WHAT TO WORK ON: For the material below, reproduce exactly each line from the one that has "Rhododendren benötigen viel" through the one that has "Mange tidligere spejlrefleksmodeller", and no others; pictures stay out.

SOURCE RECORDS:
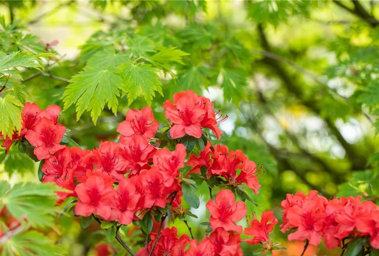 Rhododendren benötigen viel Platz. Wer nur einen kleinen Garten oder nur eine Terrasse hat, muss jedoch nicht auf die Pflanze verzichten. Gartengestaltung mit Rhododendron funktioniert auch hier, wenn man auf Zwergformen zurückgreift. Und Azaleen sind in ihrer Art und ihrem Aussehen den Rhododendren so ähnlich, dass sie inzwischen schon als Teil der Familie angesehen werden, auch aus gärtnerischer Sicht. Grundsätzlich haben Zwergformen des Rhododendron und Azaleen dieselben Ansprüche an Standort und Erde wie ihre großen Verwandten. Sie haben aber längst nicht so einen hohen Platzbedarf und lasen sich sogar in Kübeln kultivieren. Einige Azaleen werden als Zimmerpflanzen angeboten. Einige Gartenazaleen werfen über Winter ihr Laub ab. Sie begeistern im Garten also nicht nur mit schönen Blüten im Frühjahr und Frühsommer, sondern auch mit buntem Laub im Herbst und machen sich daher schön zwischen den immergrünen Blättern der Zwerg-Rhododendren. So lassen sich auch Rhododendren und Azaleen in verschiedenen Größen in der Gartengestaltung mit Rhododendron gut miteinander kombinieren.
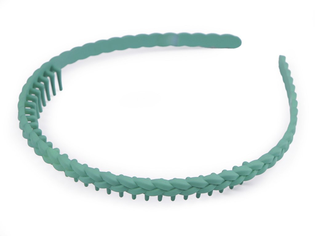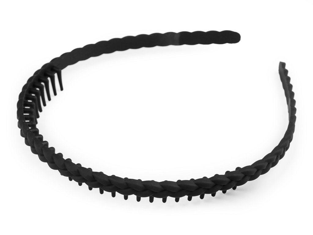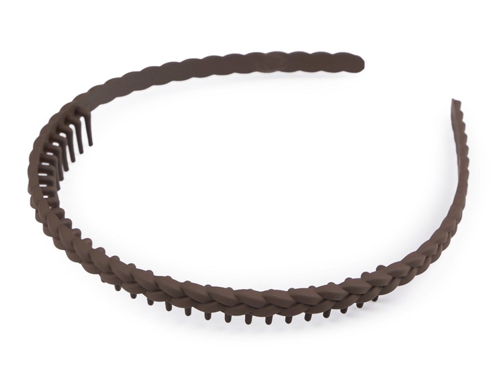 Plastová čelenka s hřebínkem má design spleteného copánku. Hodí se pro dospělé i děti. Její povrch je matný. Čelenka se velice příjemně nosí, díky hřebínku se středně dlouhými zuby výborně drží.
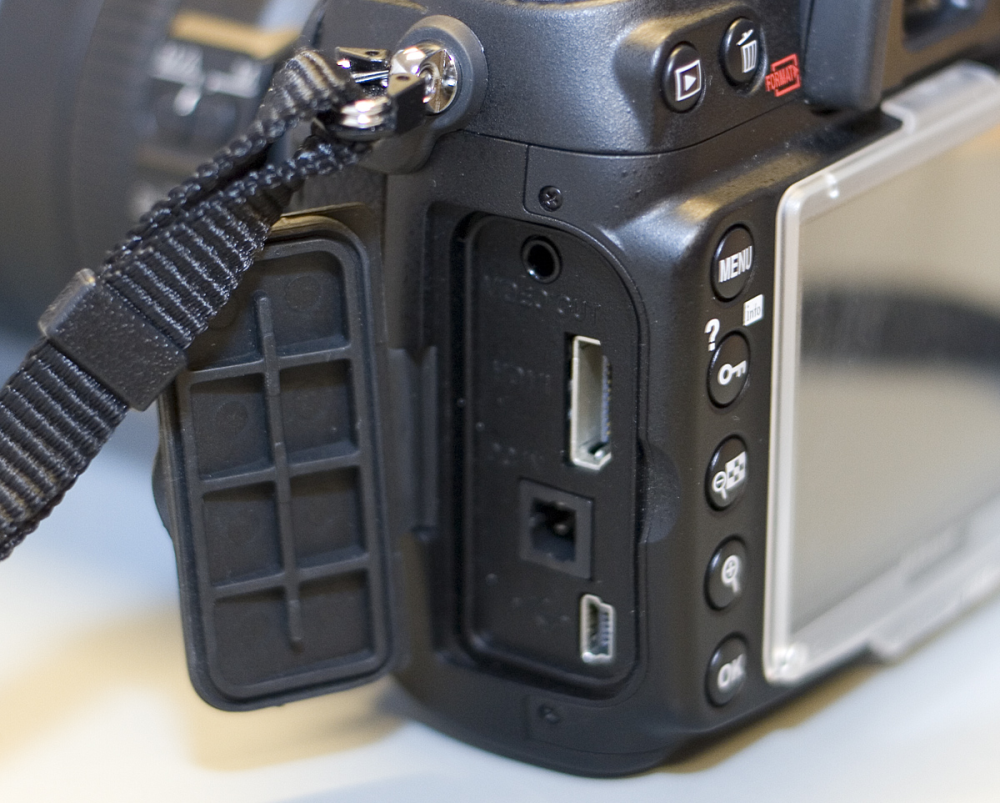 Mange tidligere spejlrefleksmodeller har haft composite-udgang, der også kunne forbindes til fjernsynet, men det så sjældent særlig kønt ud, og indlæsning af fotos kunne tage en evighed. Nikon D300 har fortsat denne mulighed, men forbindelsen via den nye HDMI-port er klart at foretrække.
...
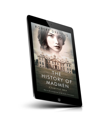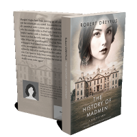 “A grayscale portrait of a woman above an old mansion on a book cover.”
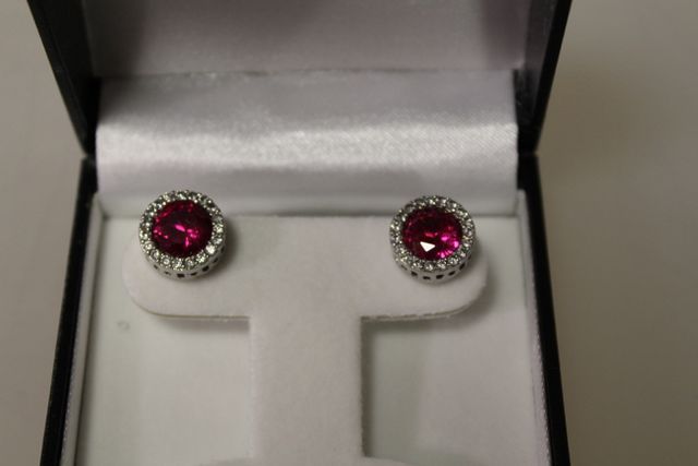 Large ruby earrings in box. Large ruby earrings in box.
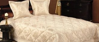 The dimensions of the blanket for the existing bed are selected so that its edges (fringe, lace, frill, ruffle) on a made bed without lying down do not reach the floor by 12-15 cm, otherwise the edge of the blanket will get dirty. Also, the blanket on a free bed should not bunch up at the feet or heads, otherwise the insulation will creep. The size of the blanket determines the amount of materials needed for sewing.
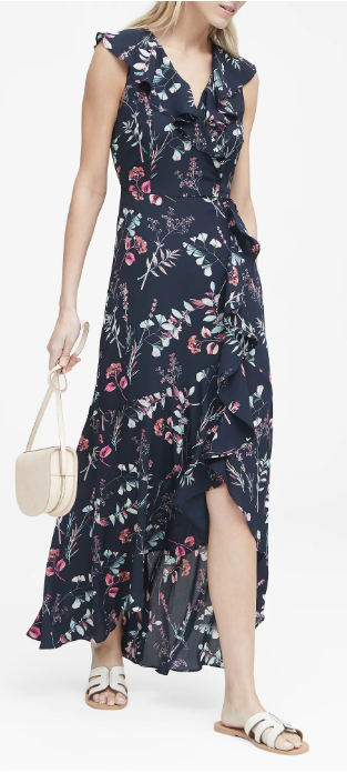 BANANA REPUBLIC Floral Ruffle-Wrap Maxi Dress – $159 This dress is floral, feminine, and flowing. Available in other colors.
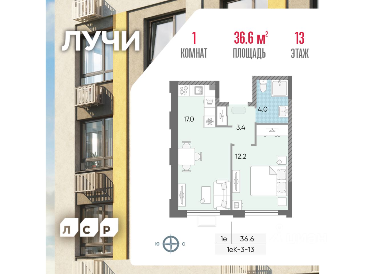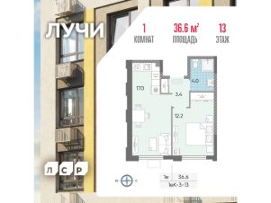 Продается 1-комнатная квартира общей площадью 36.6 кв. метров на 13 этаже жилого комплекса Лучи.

COMPLETED EXERCISE:
 Rhododendren benötigen viel Platz. Wer nur einen kleinen Garten oder nur eine Terrasse hat, muss jedoch nicht auf die Pflanze verzichten. Gartengestaltung mit Rhododendron funktioniert auch hier, wenn man auf Zwergformen zurückgreift. Und Azaleen sind in ihrer Art und ihrem Aussehen den Rhododendren so ähnlich, dass sie inzwischen schon als Teil der Familie angesehen werden, auch aus gärtnerischer Sicht. Grundsätzlich haben Zwergformen des Rhododendron und Azaleen dieselben Ansprüche an Standort und Erde wie ihre großen Verwandten. Sie haben aber längst nicht so einen hohen Platzbedarf und lasen sich sogar in Kübeln kultivieren. Einige Azaleen werden als Zimmerpflanzen angeboten. Einige Gartenazaleen werfen über Winter ihr Laub ab. Sie begeistern im Garten also nicht nur mit schönen Blüten im Frühjahr und Frühsommer, sondern auch mit buntem Laub im Herbst und machen sich daher schön zwischen den immergrünen Blättern der Zwerg-Rhododendren. So lassen sich auch Rhododendren und Azaleen in verschiedenen Größen in der Gartengestaltung mit Rhododendron gut miteinander kombinieren.
 Plastová čelenka s hřebínkem má design spleteného copánku. Hodí se pro dospělé i děti. Její povrch je matný. Čelenka se velice příjemně nosí, díky hřebínku se středně dlouhými zuby výborně drží.
 Mange tidligere spejlrefleksmodeller har haft composite-udgang, der også kunne forbindes til fjernsynet, men det så sjældent særlig kønt ud, og indlæsning af fotos kunne tage en evighed. Nikon D300 har fortsat denne mulighed, men forbindelsen via den nye HDMI-port er klart at foretrække.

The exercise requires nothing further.